Anise oil’s most well-studied effect is as an antispasmodic, meaning it helps relax smooth muscle tissue. In the digestive tract, this relaxation is what gives anise its reputation as a carminative, something that eases gas, bloating, and stomach cramps. The mechanism involves triggering a signaling pathway in smooth muscle cells that tells them to relax rather than contract.

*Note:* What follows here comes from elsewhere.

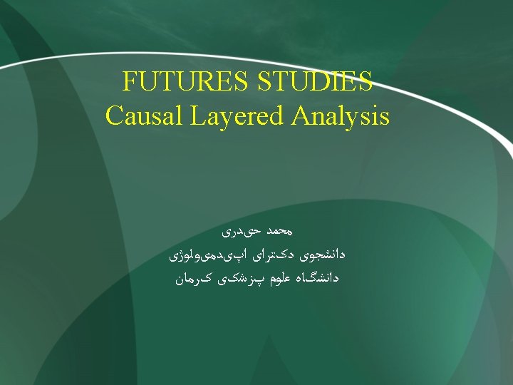Causal Layered Analysis Social causes Newspaper headlines, superficial, common public perceptions Public Superficial Litany STEEP analysis Cultural/social/religious perspective or worldview Myth Emotional, images or deep meanings Unconscious Deep Meaning Worldview
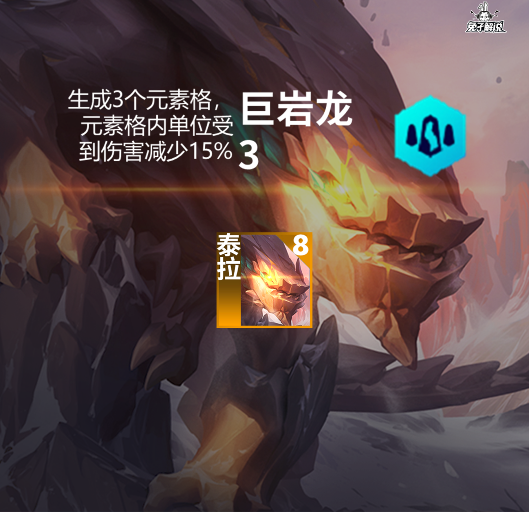 泰拉技能:泰拉踩踏三下,在他们周围造成地震,造成200/250/4000%双抗百分比的物理伤害。在地震结束时,泰拉的鳞片会硬化8 秒,提供200/300/50000双抗。

The same muscle-relaxing effect extends to the airways. Research on animal tissue shows that anise compounds can relax the smooth muscle lining the trachea by blocking certain receptors that trigger constriction. This is why anise has been used in traditional medicine as an expectorant and cough remedy for centuries, and why you still find it in some over-the-counter respiratory products.

Estrogenic Activity

Trans-anethole, the main compound in anise oil, has demonstrated estrogenic activity in laboratory assays, meaning it can mimic the hormone estrogen to some degree. This is relevant for anyone with hormone-sensitive conditions, including certain types of breast cancer, endometriosis, or uterine fibroids. The estrogenic effect is mild compared to actual estrogen, but it’s consistent enough across studies that the concern is real rather than theoretical.

Safety Considerations

The anise seeds you sprinkle on bread or stir into tea are safe in normal culinary amounts. The essential oil is a different story. It’s vastly more concentrated than dried seeds or extract, and a small volume contains a large dose of trans-anethole. In large or even moderate amounts, this compound can be neurotoxic and may interact with medications.

For topical use, recommended dilution ratios range from 0.5 to 2% for adults. In practical terms, that’s about 1 to 2 drops of essential oil per tablespoon of a carrier oil like jojoba or sweet almond oil. Undiluted application can irritate the skin.

Internal use of the concentrated essential oil is generally discouraged without professional guidance. Inhaling the aroma through a diffuser is considered a safer way to get mild digestive or calming benefits without the risks of ingestion.

Anise oil should be avoided during pregnancy and breastfeeding. Essential oil components are small, fat-soluble molecules that can cross the placenta into fetal circulation and pass into breast milk. The fetal central nervous system is particularly vulnerable because it’s still developing. Combined with anise oil’s estrogenic properties and the lack of established safe dosage thresholds for pregnant women, avoidance is the straightforward recommendation.